Transistor size is an important part of improving computer technology. The smaller your transistors, the more you can fit on a chip, and the faster and more efficient your processor can be. That's why it's such big news that a team at Lawrence Berkeley National Laboratory has successfully built a functional 1 nanometer long transistor gate, which the lab claims is smallest working transistor ever made.
For years, the computing industry has been governed by Moore’s Law, which states that the the number of transistors in a semiconductor circuit doubles every two years. Current generation technology uses 14nm scale technology, with 10nm semiconductors anticipated for release in 2017 or 2018 with products like Intel’s Cannonlake line.

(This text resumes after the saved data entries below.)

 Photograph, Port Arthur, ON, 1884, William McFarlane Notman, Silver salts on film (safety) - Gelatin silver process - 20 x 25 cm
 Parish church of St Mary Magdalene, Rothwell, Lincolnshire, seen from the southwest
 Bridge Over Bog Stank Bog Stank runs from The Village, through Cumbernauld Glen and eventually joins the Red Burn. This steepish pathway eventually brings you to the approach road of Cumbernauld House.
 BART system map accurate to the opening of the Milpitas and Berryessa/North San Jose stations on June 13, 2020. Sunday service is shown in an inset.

looking to the future, Moore’s law starts to run into trouble
But looking to the future, Moore’s law starts to run into trouble. And by trouble, I mean the laws of physics. You see, while the 7nm node is technically possible to produce with silicon, after that point you reach problems, where silicon transistors smaller than 7nm become so physically close together that electrons experience quantum tunneling. So instead of staying in the intended logic gate, the electrons can continuously flow from one gate to the next, essentially making it impossible for the transistors to have an off state.

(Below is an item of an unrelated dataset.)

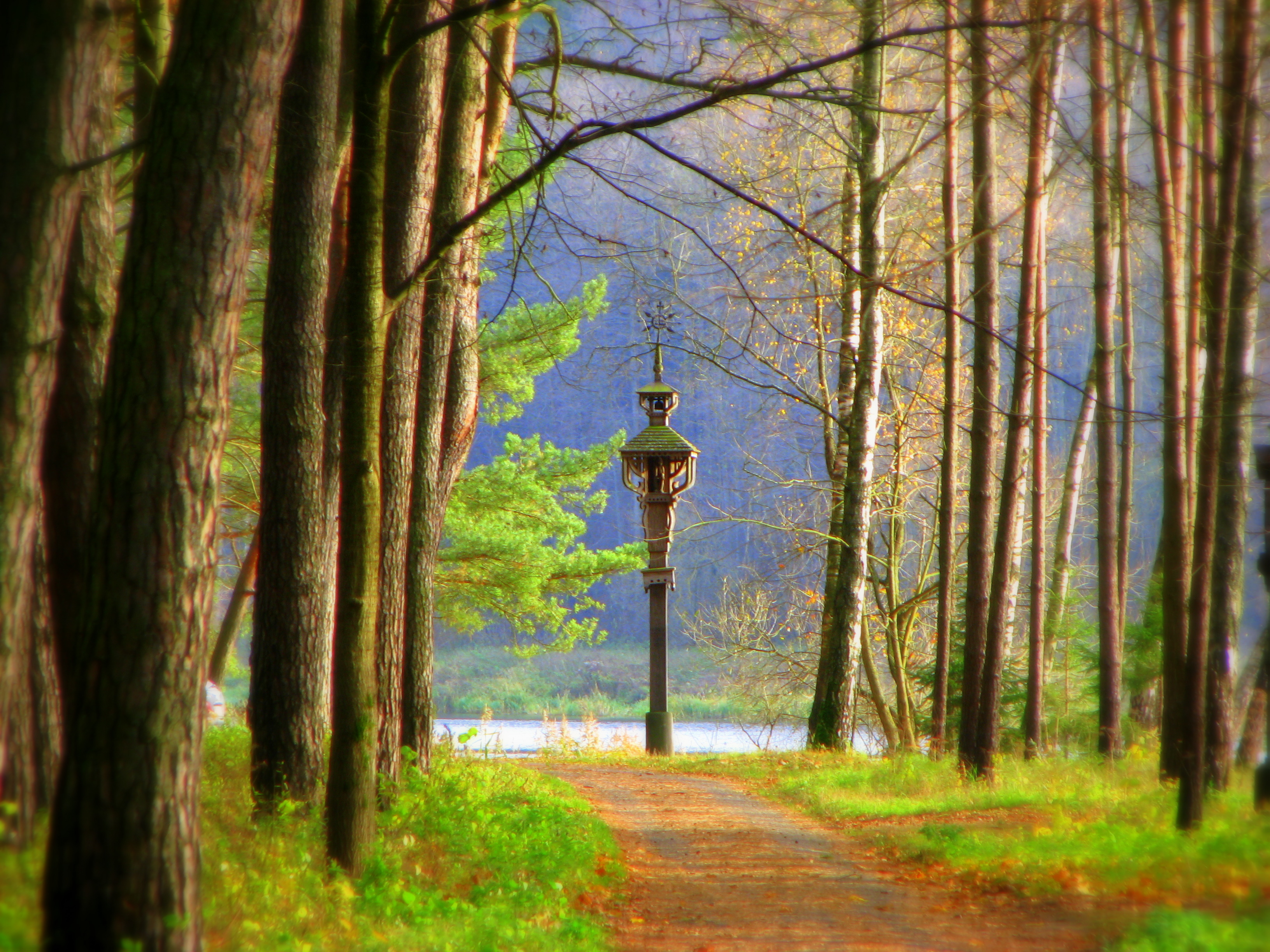 "Atminties takas" ("Walk of the memory")

And while companies like Intel had originally announced that they would be exploring other materials for producing 7nm semiconductors and beyond, the Berkeley Lab research team has beaten them to the punch, using carbon nanotubes and molybdenum disulfide (MoS2 ) to create a sub–7nm transistor. The MoS2 functions as the semiconductor, with the hollow carbon nanotube functioning as the gate to control the flow of electrons.

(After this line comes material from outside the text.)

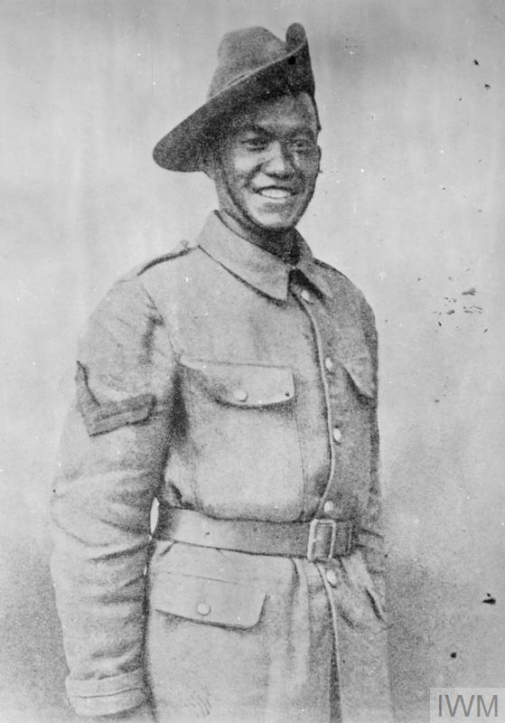 Rifleman Kulbir Thapa, 2nd Battalion, 3rd Gurkha Rifles, Indian Army, awarded the Victoria Cross, South of Fauquissart, France, 25/26 September 1915.

The research here is still in very early stages
That said, the research here is still in very early stages. At 14nm, a single die has over a billion transistors on it, and the Berkley Lab team has yet to develop a viable method to mass produce the new 1nm transistors or even developed a chip using them. But as a proof of concept alone, the results here are still important – that new materials can continue to allow smaller transistor sizes, and with it increased power and efficiency for the computers of the future.